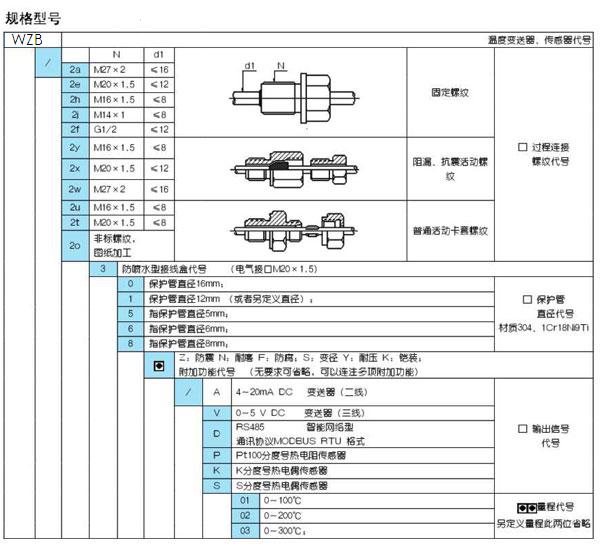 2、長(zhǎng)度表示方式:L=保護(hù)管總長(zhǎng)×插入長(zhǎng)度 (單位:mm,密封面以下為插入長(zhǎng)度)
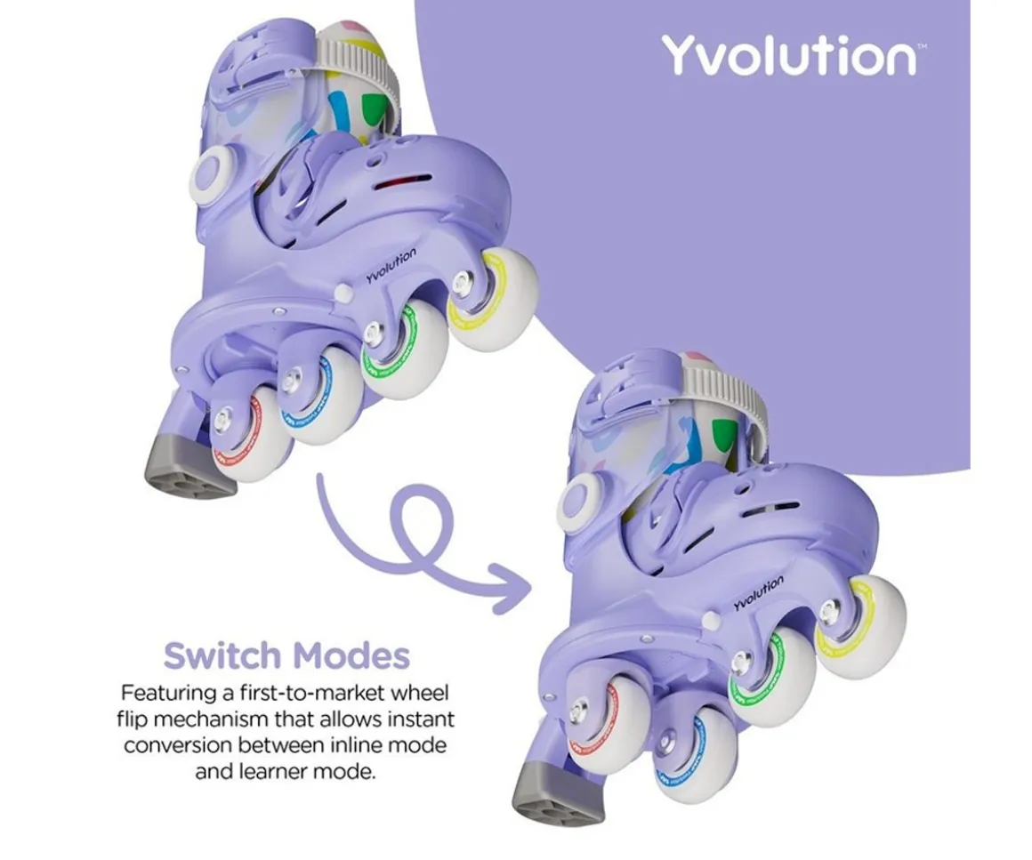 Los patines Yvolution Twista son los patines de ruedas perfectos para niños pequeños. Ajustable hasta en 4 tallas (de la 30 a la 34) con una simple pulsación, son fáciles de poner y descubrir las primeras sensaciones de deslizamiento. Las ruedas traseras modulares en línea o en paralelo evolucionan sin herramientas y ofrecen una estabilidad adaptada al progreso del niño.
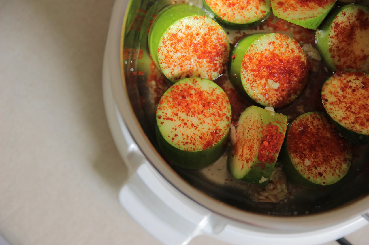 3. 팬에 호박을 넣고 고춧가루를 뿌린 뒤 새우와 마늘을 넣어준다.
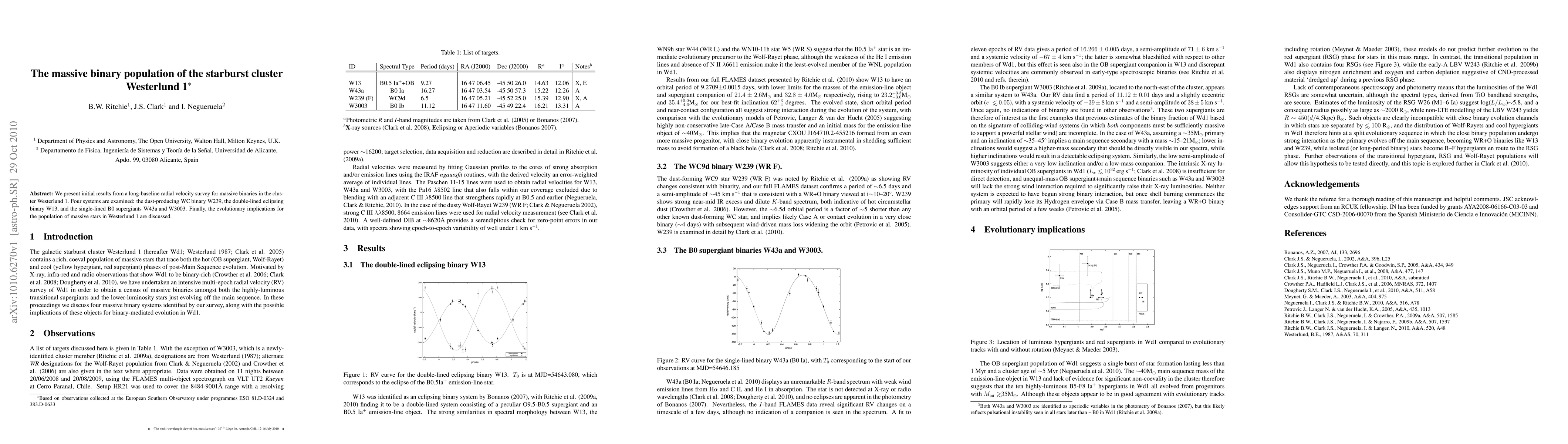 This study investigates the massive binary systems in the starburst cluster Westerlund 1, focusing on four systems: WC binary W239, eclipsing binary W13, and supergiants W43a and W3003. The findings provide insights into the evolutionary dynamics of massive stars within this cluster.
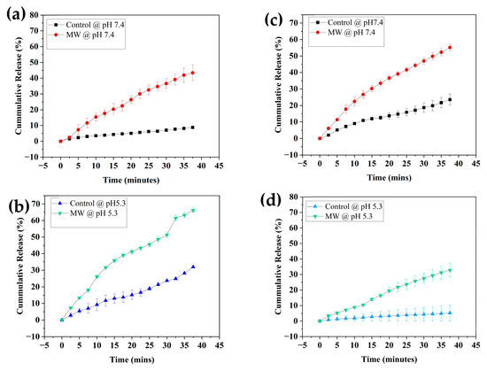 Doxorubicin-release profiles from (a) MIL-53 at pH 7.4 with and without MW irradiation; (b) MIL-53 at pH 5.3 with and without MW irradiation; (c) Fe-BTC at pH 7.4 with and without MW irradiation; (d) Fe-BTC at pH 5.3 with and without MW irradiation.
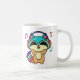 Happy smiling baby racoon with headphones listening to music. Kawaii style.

:::::

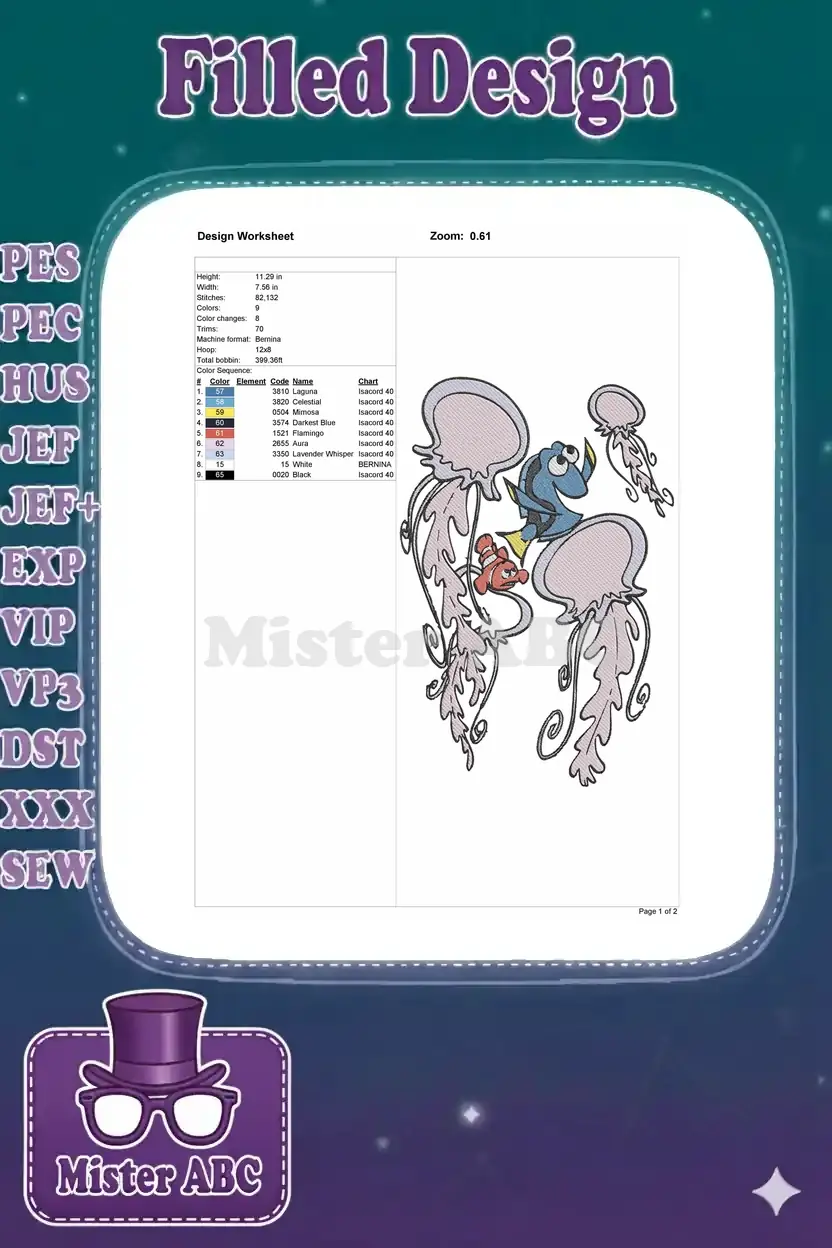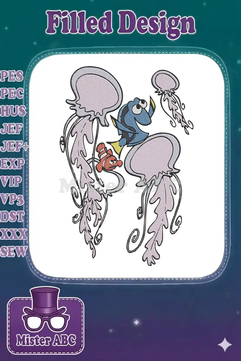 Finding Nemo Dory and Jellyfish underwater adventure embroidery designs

:::::

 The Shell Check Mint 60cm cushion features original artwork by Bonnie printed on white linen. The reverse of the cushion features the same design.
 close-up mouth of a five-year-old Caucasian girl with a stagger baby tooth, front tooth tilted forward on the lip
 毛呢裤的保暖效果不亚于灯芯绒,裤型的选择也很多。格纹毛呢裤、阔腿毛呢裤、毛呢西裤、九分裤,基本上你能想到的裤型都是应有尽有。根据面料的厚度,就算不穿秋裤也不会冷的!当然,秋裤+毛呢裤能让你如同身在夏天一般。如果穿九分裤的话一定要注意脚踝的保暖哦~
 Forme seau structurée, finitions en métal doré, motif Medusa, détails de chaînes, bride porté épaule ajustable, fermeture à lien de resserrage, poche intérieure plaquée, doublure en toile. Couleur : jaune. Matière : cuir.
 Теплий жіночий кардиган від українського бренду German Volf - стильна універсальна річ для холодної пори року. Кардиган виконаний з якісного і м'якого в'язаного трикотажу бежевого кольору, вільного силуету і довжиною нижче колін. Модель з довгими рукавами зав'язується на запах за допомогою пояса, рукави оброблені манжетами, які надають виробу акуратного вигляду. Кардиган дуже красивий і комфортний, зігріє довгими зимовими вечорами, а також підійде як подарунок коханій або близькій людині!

:::::

Your assignment: Starting at the line above that holds "2、長(zhǎng)度表示方", return each line up to and including the one that holds "Happy smiling baby", exactly as written, minus any pictures.

Worked solution:
 2、長(zhǎng)度表示方式:L=保護(hù)管總長(zhǎng)×插入長(zhǎng)度 (單位:mm,密封面以下為插入長(zhǎng)度)
 Los patines Yvolution Twista son los patines de ruedas perfectos para niños pequeños. Ajustable hasta en 4 tallas (de la 30 a la 34) con una simple pulsación, son fáciles de poner y descubrir las primeras sensaciones de deslizamiento. Las ruedas traseras modulares en línea o en paralelo evolucionan sin herramientas y ofrecen una estabilidad adaptada al progreso del niño.
 3. 팬에 호박을 넣고 고춧가루를 뿌린 뒤 새우와 마늘을 넣어준다.
 This study investigates the massive binary systems in the starburst cluster Westerlund 1, focusing on four systems: WC binary W239, eclipsing binary W13, and supergiants W43a and W3003. The findings provide insights into the evolutionary dynamics of massive stars within this cluster.
 Doxorubicin-release profiles from (a) MIL-53 at pH 7.4 with and without MW irradiation; (b) MIL-53 at pH 5.3 with and without MW irradiation; (c) Fe-BTC at pH 7.4 with and without MW irradiation; (d) Fe-BTC at pH 5.3 with and without MW irradiation.
 Happy smiling baby racoon with headphones listening to music. Kawaii style.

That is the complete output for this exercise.